(Stored entries)

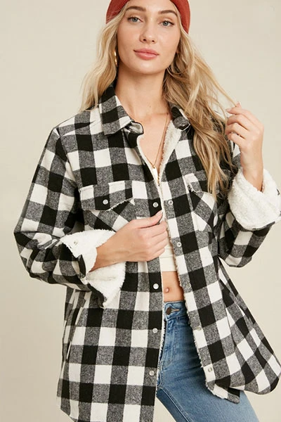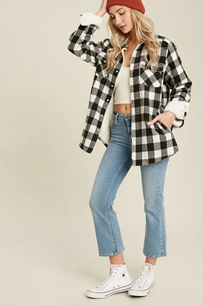 Be the first to review “Buffalo Plaid Sherpa Lined Shirt Jacket-Black And White” Cancel reply
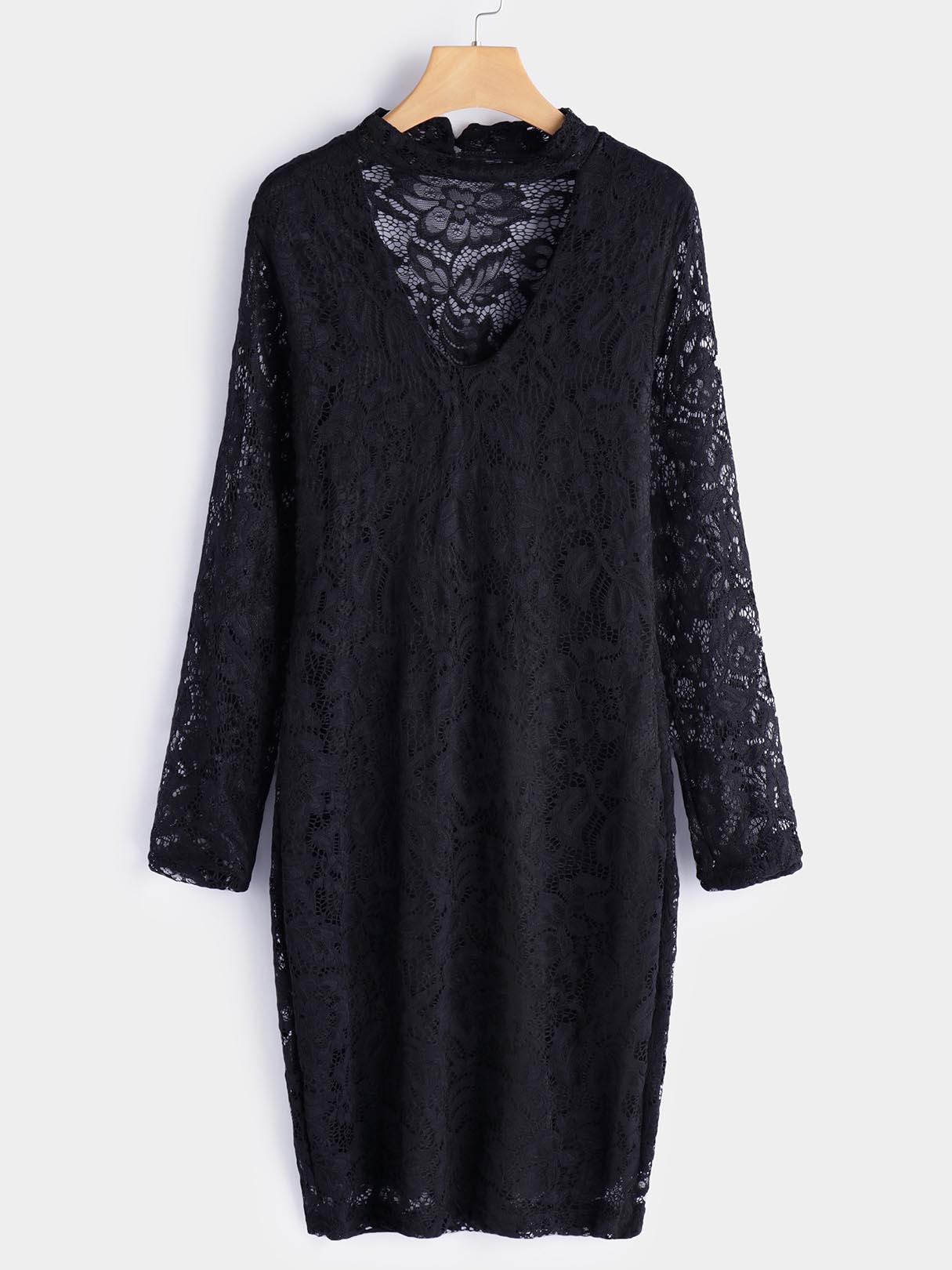 Groothandel swart V-nek langmou geborduurde gehekelde kant versierde ruglose hol midi rok
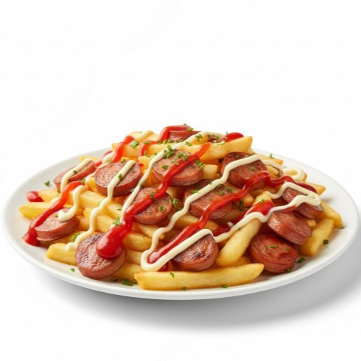 Mezcla de papas fritas con salchichas y salsas variadas.
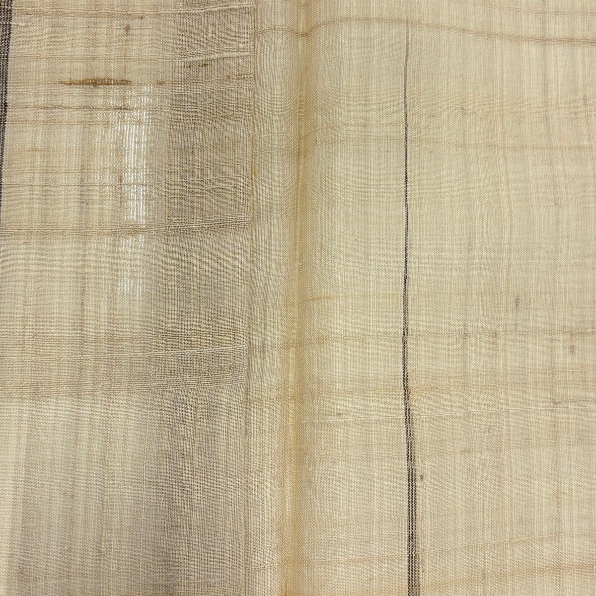 【美品】 紬 身丈169cm 裄丈67cm M 薄物 夏紬 亀甲絣 縞 薄茶色 正絹 名品
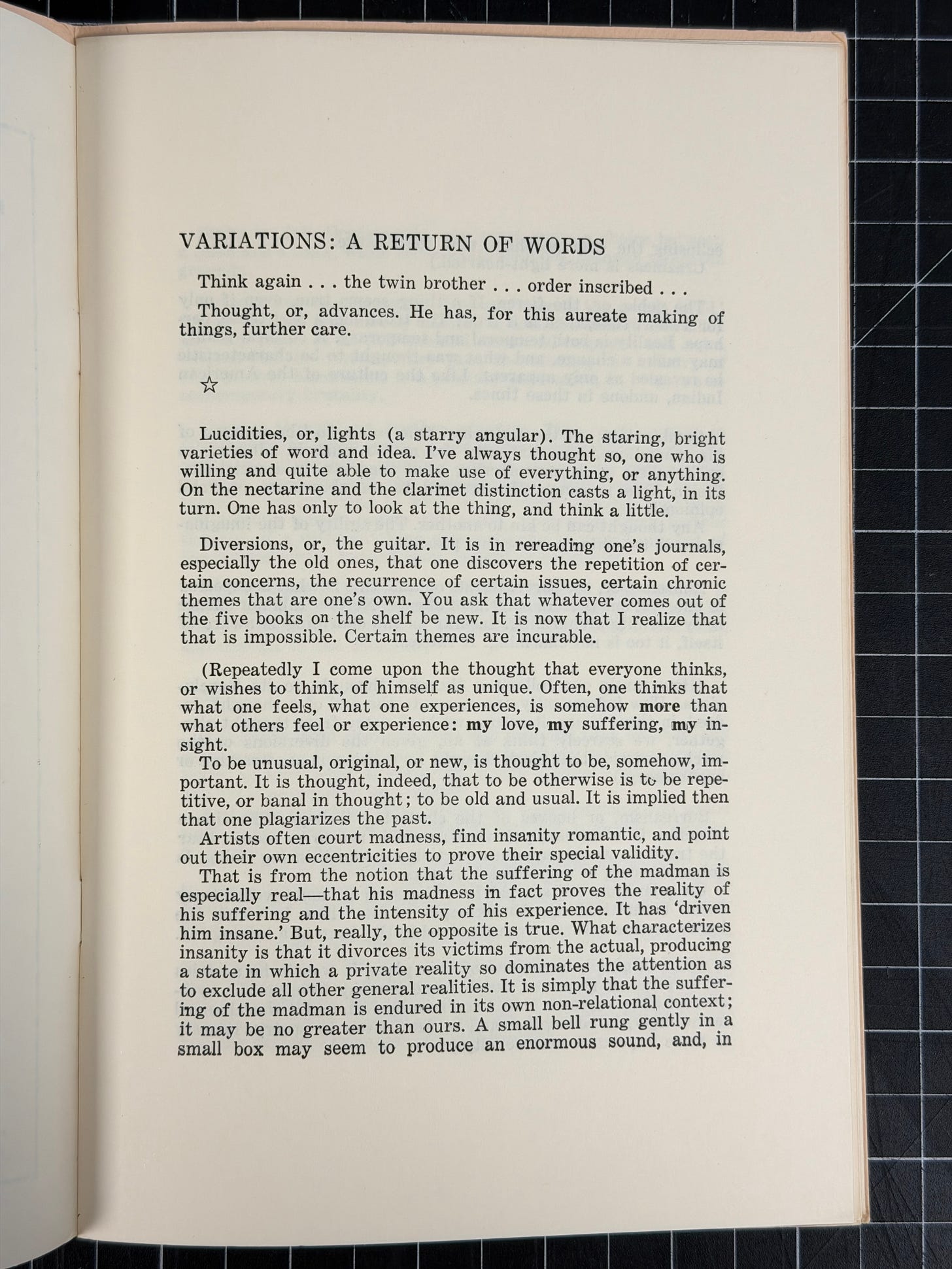 “Diversions, or, the guitar. It is in rereading one’s journals, especially the old ones, that one discovers the repetition of certain concerns, the recurrence of certain issues, certain chronic themes that are one’s own. You ask that whatever comes out of the five books on the shelf be new. It is now that I realize that that is impossible. Certain themes are incurable.”
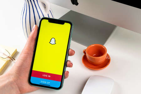 Helsinki, Finland, January 30, 2020: Snapchat application icon on Apple iPhone 11 smartphone screen close-up in woman hands. Snapchat app icon. Social media icon. Social network
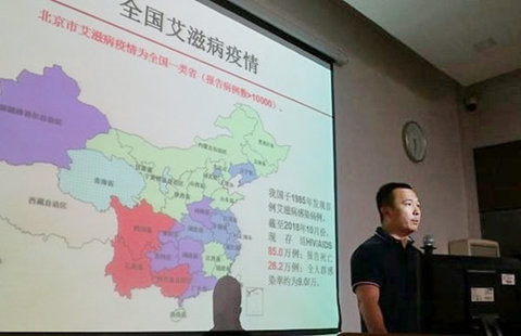 首先通州区性艾所负责人李震,向学生们阐述了艾滋病相关知识,包括它的历史、传播方式、疾病分期、治疗及预防等方面,并简单介绍了全国及北京市的HIV疫情形势,警示同学们,大学生是HIV新发感染的重点人群之一,希望同学们增强自我保护意识,树立正确的价值观。
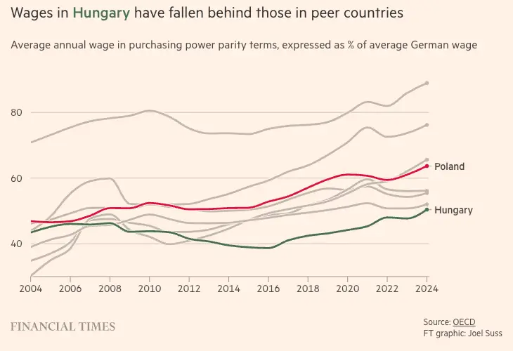 L’economia ungherese dipende dal capitale estero e dalla manifattura a basso valore aggiunto — principalmente l’assemblaggio di auto tedesche. In sedici anni di governo Orbán non vi è stato alcun significativo restringimento del divario di produttività tra imprese nazionali e straniere. L’oligarchizzazione dell’economia, il sistema clientelare degli appalti pubblici e la politicizzazione delle istituzioni hanno ulteriormente compresso concorrenza e innovazione.
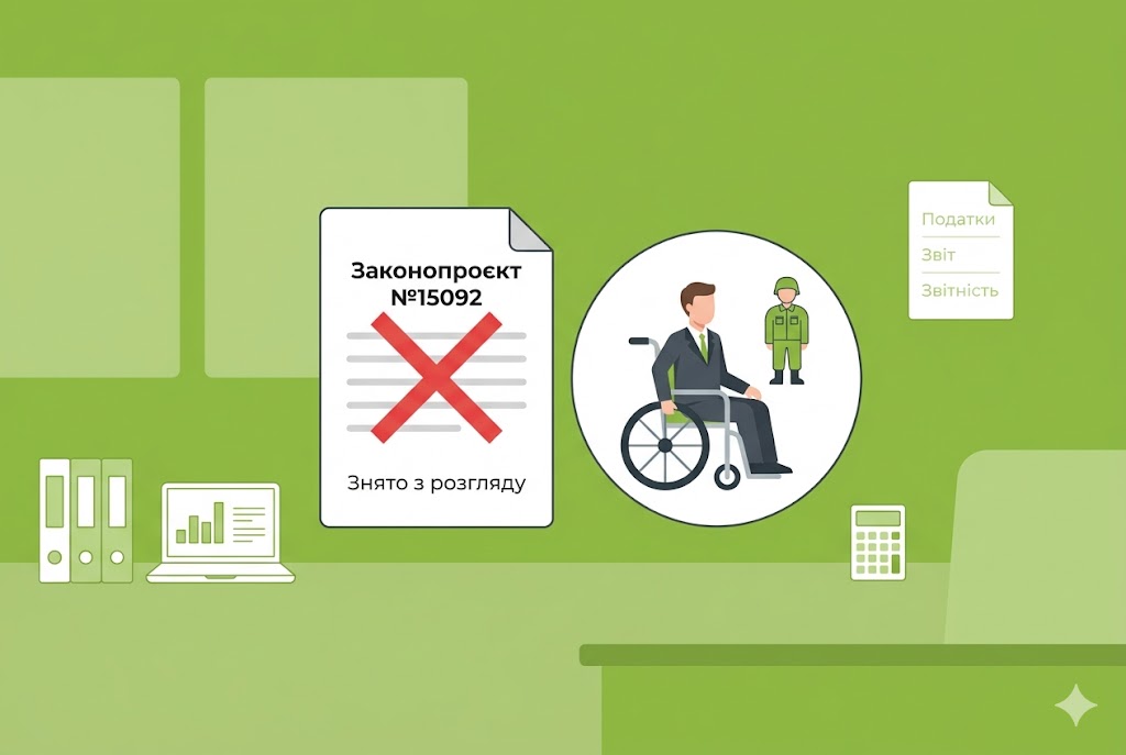 31 березня 2026 року ВРУ зняла з розгляду законопроєкт №15092 "Про внесення змін до Закону України "Про основи соціальної захищеності осіб з інвалідністю в Україні" щодо врегулювання питання розрахунку робочих місць для працевлаштування осіб з інвалідністю". Це зазначено у карточці законопроєкту.

ASSIGNMENT | Skipping any pictures, copy the line that holds "L’economia ungherese dipende" and each line after it through the last line of the records, unchanged, and no other lines.

EXERCISE RESPONSE |
 L’economia ungherese dipende dal capitale estero e dalla manifattura a basso valore aggiunto — principalmente l’assemblaggio di auto tedesche. In sedici anni di governo Orbán non vi è stato alcun significativo restringimento del divario di produttività tra imprese nazionali e straniere. L’oligarchizzazione dell’economia, il sistema clientelare degli appalti pubblici e la politicizzazione delle istituzioni hanno ulteriormente compresso concorrenza e innovazione.
 31 березня 2026 року ВРУ зняла з розгляду законопроєкт №15092 "Про внесення змін до Закону України "Про основи соціальної захищеності осіб з інвалідністю в Україні" щодо врегулювання питання розрахунку робочих місць для працевлаштування осіб з інвалідністю". Це зазначено у карточці законопроєкту.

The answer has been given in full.